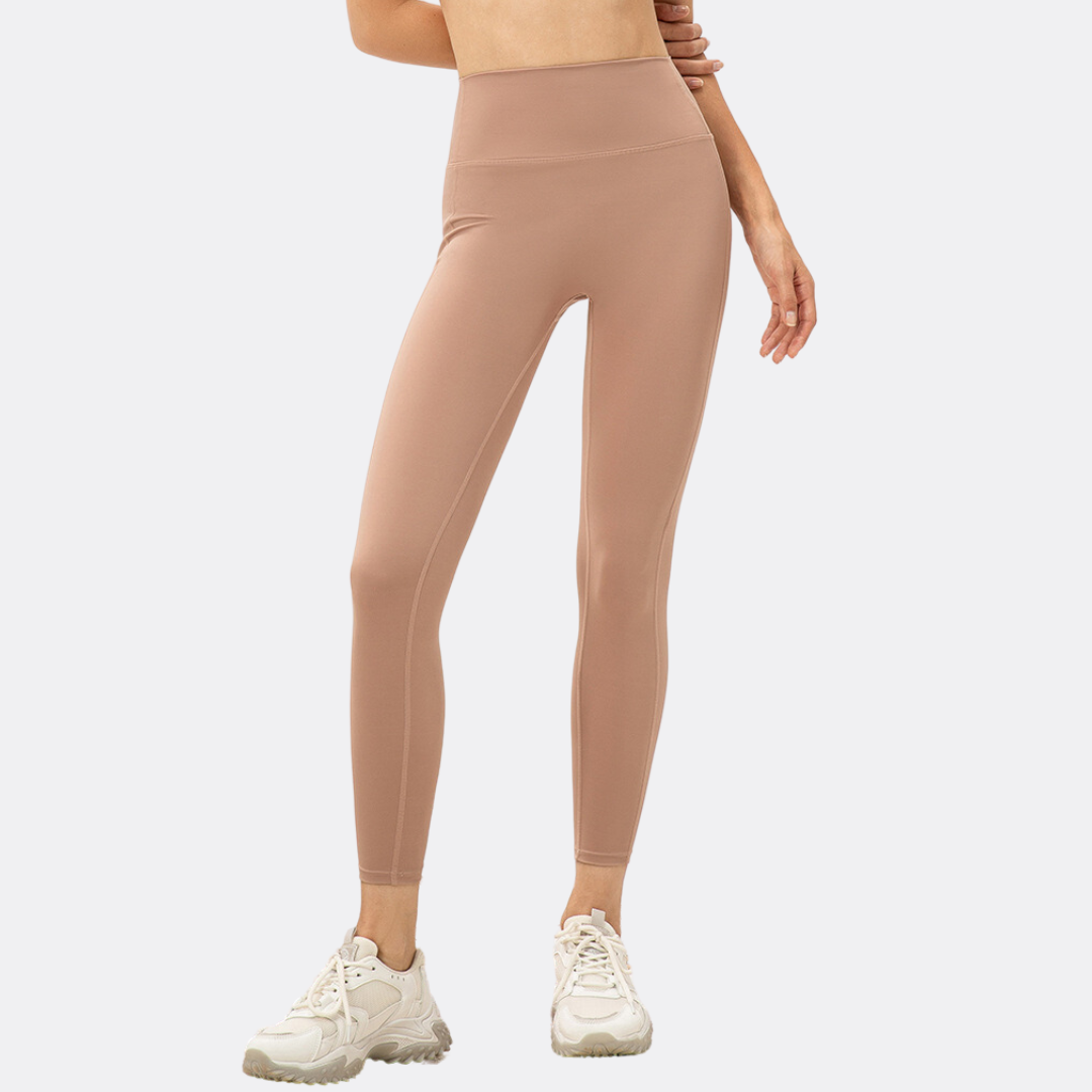 レギンスはハイウエスト仕様で、ショートトップスと合わせてもお腹が見えにくく、側屈や前屈の体勢でもお腹まわりを気にせず安心。
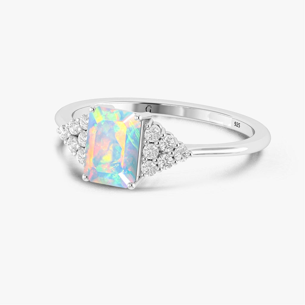 White OpalThis stunning Natural White Opal Solitaire Ring is beautifully crafted in 925 Sterling Silver and finished with rich Yellow Gold plating. At the heart of this ring lies a 7x5 mm octagon-faceted White Opal, weighing approximately 0.6 carats, a rare gemstone known for its deep, enchanting play of colors. This ring is more than just jewelry it's a symbol of love, strength, and elegance. Whether you're celebrating an anniversary, making an engagement promise, or simply searching for the perfect gift for her, this piece is designed to make a lasting impression.
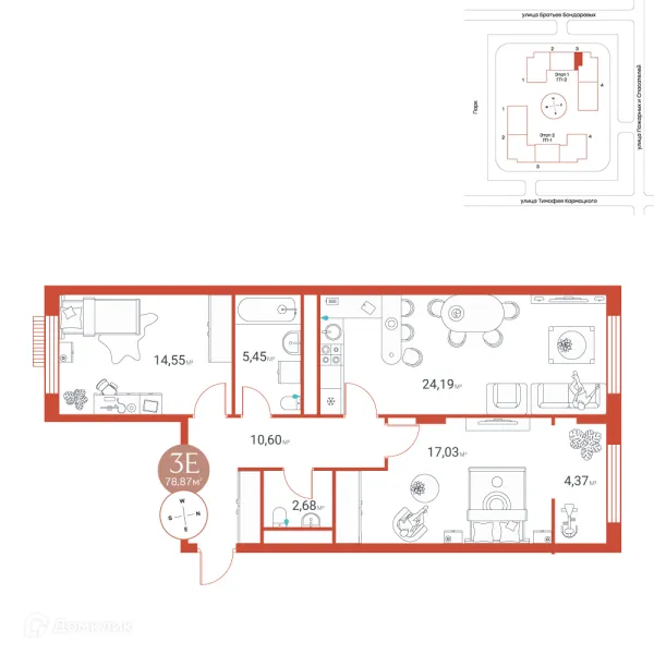 3 комн. квартира в Тюмени в ипотеку от 96 781 руб/месяц
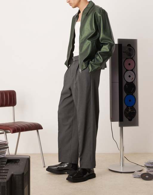ASOS DESIGN - Koksgrå elegante bukser med bælte og brede ben samt plisseringer foran
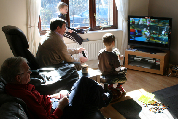 The whole family playing games on the Wii. Here Matthew is racing Grandad (my Dad) on Mario Kart. We also played games on the balance board too like Obstacle Course, Ski Jumping and Balance Bubble. It was such a laugh and everyone, I mean everyone had a go!

--*--

## Directions
The expected output is the exact run of lines from the one containing "ASOS DESIGN - Koksgrå" through the final line of the data above, both ends included, with no pictures.

## Expected answer
ASOS DESIGN - Koksgrå elegante bukser med bælte og brede ben samt plisseringer foran
 The whole family playing games on the Wii. Here Matthew is racing Grandad (my Dad) on Mario Kart. We also played games on the balance board too like Obstacle Course, Ski Jumping and Balance Bubble. It was such a laugh and everyone, I mean everyone had a go!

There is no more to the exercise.